* **EXERCISE**: A full, exact copy of the listing is needed, with images omitted.

* **INFORMATION SHOWN**:
Start of Block
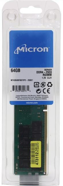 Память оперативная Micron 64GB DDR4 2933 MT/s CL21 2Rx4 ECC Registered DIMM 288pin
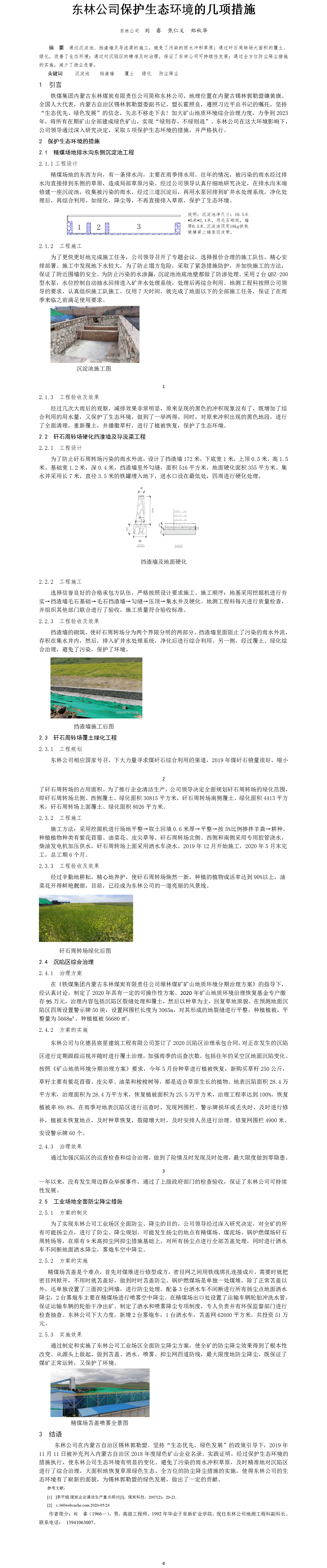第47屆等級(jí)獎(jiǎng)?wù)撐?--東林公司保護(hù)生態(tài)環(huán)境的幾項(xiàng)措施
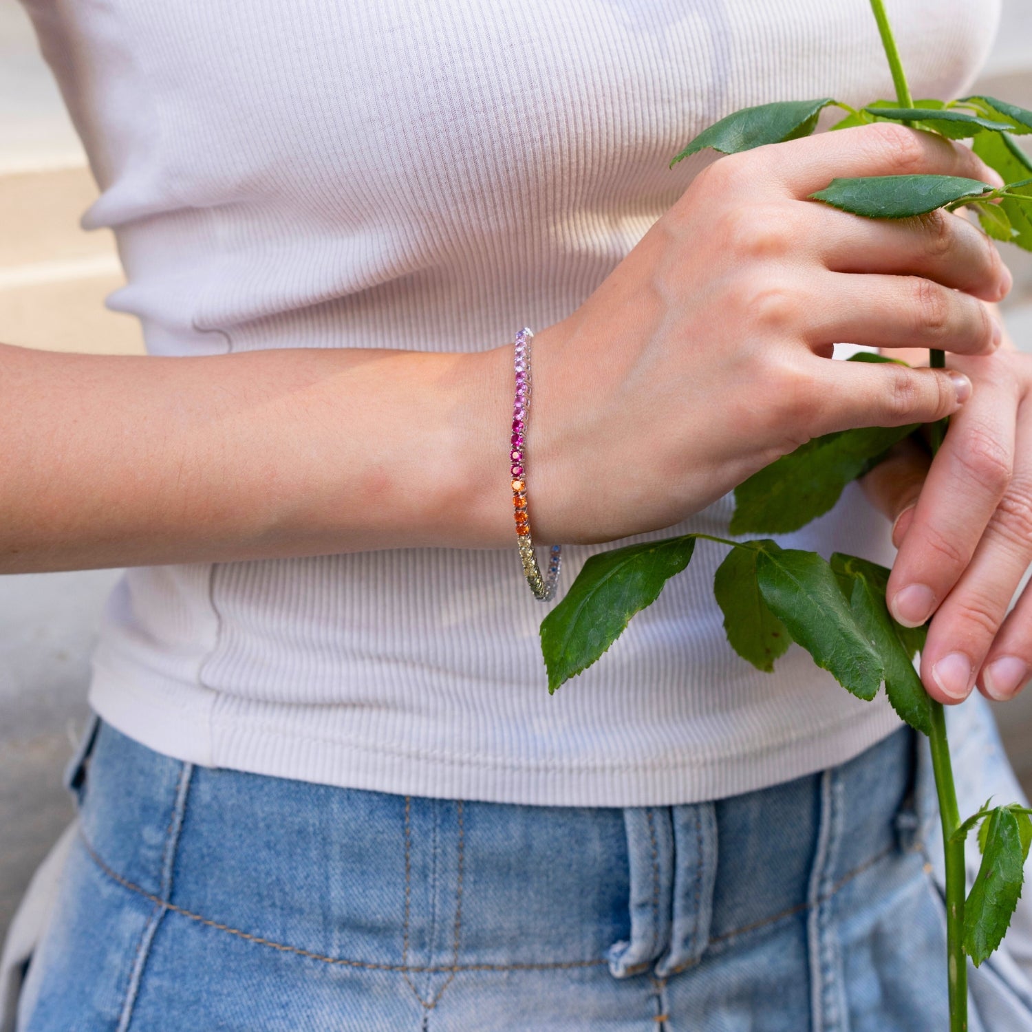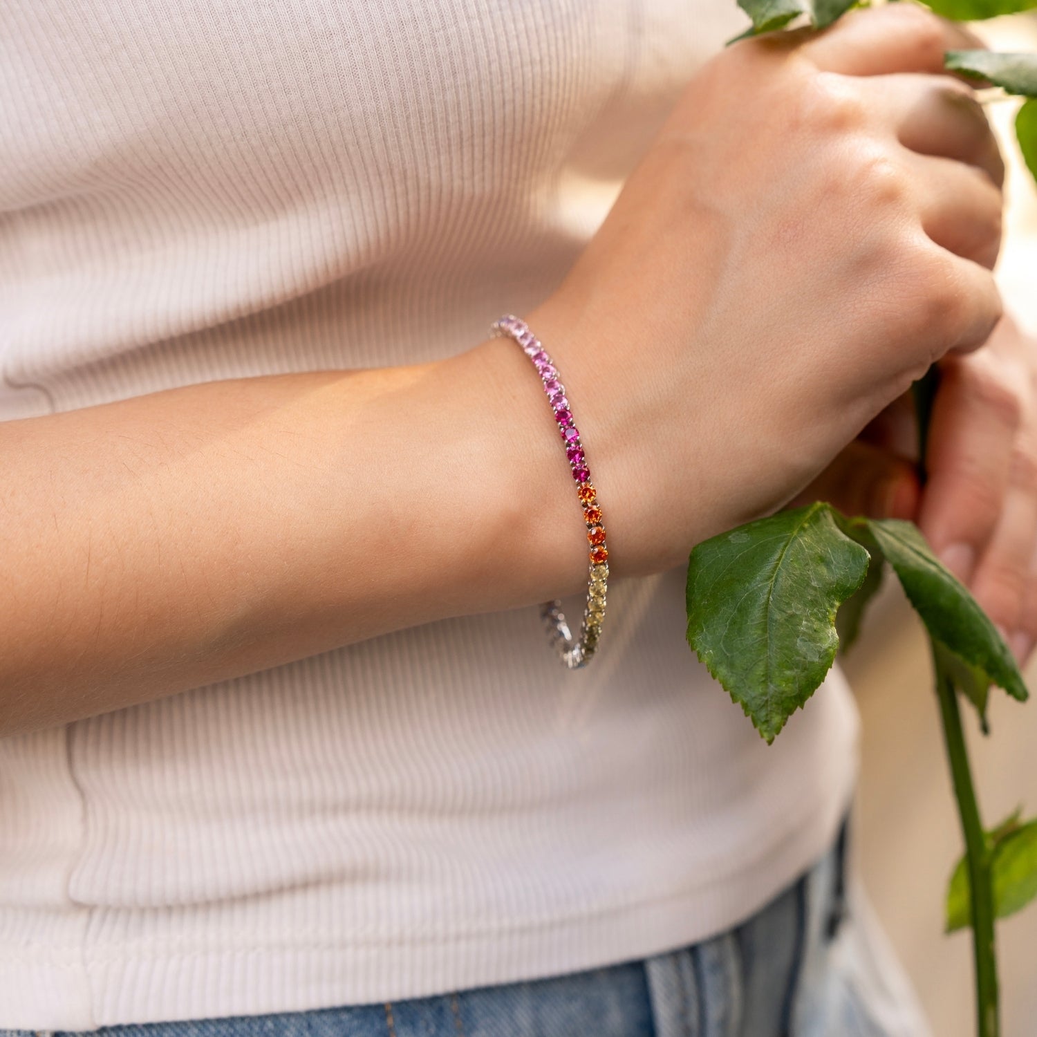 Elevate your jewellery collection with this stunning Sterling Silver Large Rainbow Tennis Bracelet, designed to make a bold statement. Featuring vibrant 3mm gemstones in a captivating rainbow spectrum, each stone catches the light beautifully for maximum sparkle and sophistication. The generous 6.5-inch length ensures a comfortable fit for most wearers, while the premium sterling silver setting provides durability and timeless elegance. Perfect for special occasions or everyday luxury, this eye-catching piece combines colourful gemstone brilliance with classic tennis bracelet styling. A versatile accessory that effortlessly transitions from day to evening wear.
End of Block
* **RESPONSE TO THE EXERCISE**:
 Память оперативная Micron 64GB DDR4 2933 MT/s CL21 2Rx4 ECC Registered DIMM 288pin
第47屆等級(jí)獎(jiǎng)?wù)撐?--東林公司保護(hù)生態(tài)環(huán)境的幾項(xiàng)措施
 Elevate your jewellery collection with this stunning Sterling Silver Large Rainbow Tennis Bracelet, designed to make a bold statement. Featuring vibrant 3mm gemstones in a captivating rainbow spectrum, each stone catches the light beautifully for maximum sparkle and sophistication. The generous 6.5-inch length ensures a comfortable fit for most wearers, while the premium sterling silver setting provides durability and timeless elegance. Perfect for special occasions or everyday luxury, this eye-catching piece combines colourful gemstone brilliance with classic tennis bracelet styling. A versatile accessory that effortlessly transitions from day to evening wear.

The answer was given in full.